Атлант расправил плечи

Айн Рэнд

ЧАСТЬ II
Или-или
ГЛАВА I. ЧЕЛОВЕК ЗЕМЛИ

Доктор Роберт Стэдлер мерил шагами свой кабинет, кляня холод.
Весна в этом году припозднилась. За окном мертвенная серость холмов выглядела естественным переходом от грязноватой белизны неба к свинцовой черноте реки. Время от времени небольшой участок одного из далеких склонов вдруг становился серебристо-желтым, даже зеленоватым, но практически тут же цветовое пятно исчезало. Облака, узко рассеченные солнечным лучом, вновь сходились, отсекая его от земли.

«Дело не в том, что плохо топят, – думал доктор Стэдлер. – Холодно делается от вида за окном».
«Сегодня не такой уж мороз, – продолжал думать он. – Просто за зимние месяцы холод до такой степени накопился в костях, что пришлось прервать работу, отвлечься на бытовые проблемы, вроде плохого отопления, и разговоры о необходимости экономии топлива».
«Это нелепо, – думал он. – Природа все больше влияет на жизнь и дела людей. Раньше такого не было и в помине».

Даже если зима выдавалась более суровой, чем обычно, если прорвавший дамбу поток смывал участок железнодорожного полотна, людям не приходилось две недели есть только консервированные овощи. Если молния попадала в силовую подстанцию, такое учреждение, как Государственный научный институт, не оставалось без электричества на целых пять дней.

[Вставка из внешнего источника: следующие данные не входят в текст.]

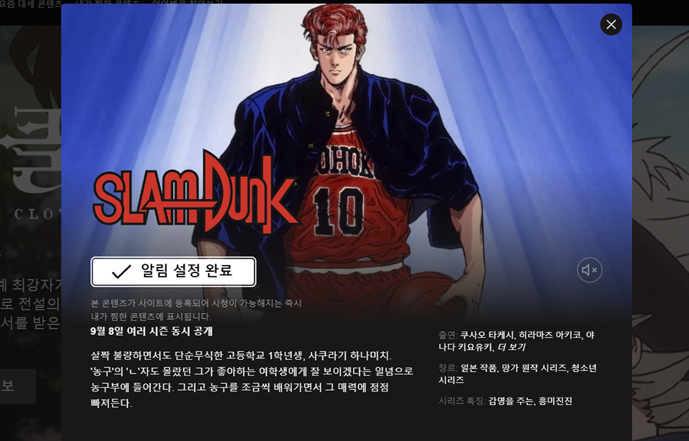 평소 농구 만화를 좋아해도 고전 작품에 속하는 <슬램덩크>를 본 적이 없다면, 넷플릭스에서 오는 9월 8일(목)을 맞아 공개될 애니메이션 <슬램덩크> 시리즈를 절대 놓치지 말도록 하자. 국내 더빙판도 나쁘지는 않았다고 생각해도 역시 제대로 애니메이션 <슬램덩크>를 감상할 수 있는 건 일본 자막판이라고 생각한다.

«Пять дней бездействия, – думал он. – Остановившиеся двигатели, обесточенные приборы, безвозвратно потерянные часы, которые его сотрудники могли бы потратить на познание тайн Вселенной».
Он в сердцах отвернулся от окна, на мгновение замер, вновь повернулся к окну. Не хотел смотреть на книгу, которая лежала на его столе.

Ну и где же этот доктор Феррис? Он взглянул на часы. Доктор Феррис опаздывал – удивительное дело – опаздывал на встречу с ним. Доктор Флойд Феррис, лакей от науки, который всем своим видом выказывал готовность извиниться за то, что может снять перед ним только одну шляпу.
«И эта невероятная для мая погода, – думал Стэдлер, глядя на реку. – Конечно же, именно погода, а не книга так испортила мне настроение».

Книгу он положил на самое видное место, и когда понял, что даже смотреть на нее не хочет, то начал испытывать к ней не просто отвращение, а еще и другое чувство, признавать которое не хотелось. Он убеждал себя, что подняться из-за стола его заставила не лежащая на нем книга, а желание размяться, согреть замерзшее тело. Он кружил по кабинету, между столом и окном. И уже решил, что отправит книгу в корзину для мусора, где ей было самое место, сразу же после разговора с доктором Феррисом.

Взгляд его вновь задержался на пятне солнечного света и зелени на склоне далекого холма, обещании весны в мире, который выглядел до сих пор так, будто в нем уже никогда не вырастет трава, не распустятся почки. Его глаза радостно вспыхнули, а когда луч погас, он почувствовал укол острой тоски. Ему так хотелось, чтобы яркое пятно не пропадало, а наоборот, ширилось, захватывая всю землю. Он вдруг вспомнил интервью, которое этой зимой брал у него известный писатель. Писатель приехал из Европы, чтобы написать о нем статью, и он, который всегда терпеть не мог интервью, говорил много и долго, слишком долго, увидев перед собой интеллектуала, в отчаянной надежде, что тот сумеет донести до читателей его мысли. Статья вышла. Писатель расхваливал автора, как мог, попутно исказив до неузнаваемости все идеи. Закрывая журнал, Стэдлер испытывал те же чувства, что и сейчас, когда облака в очередной раз разделили солнце и землю.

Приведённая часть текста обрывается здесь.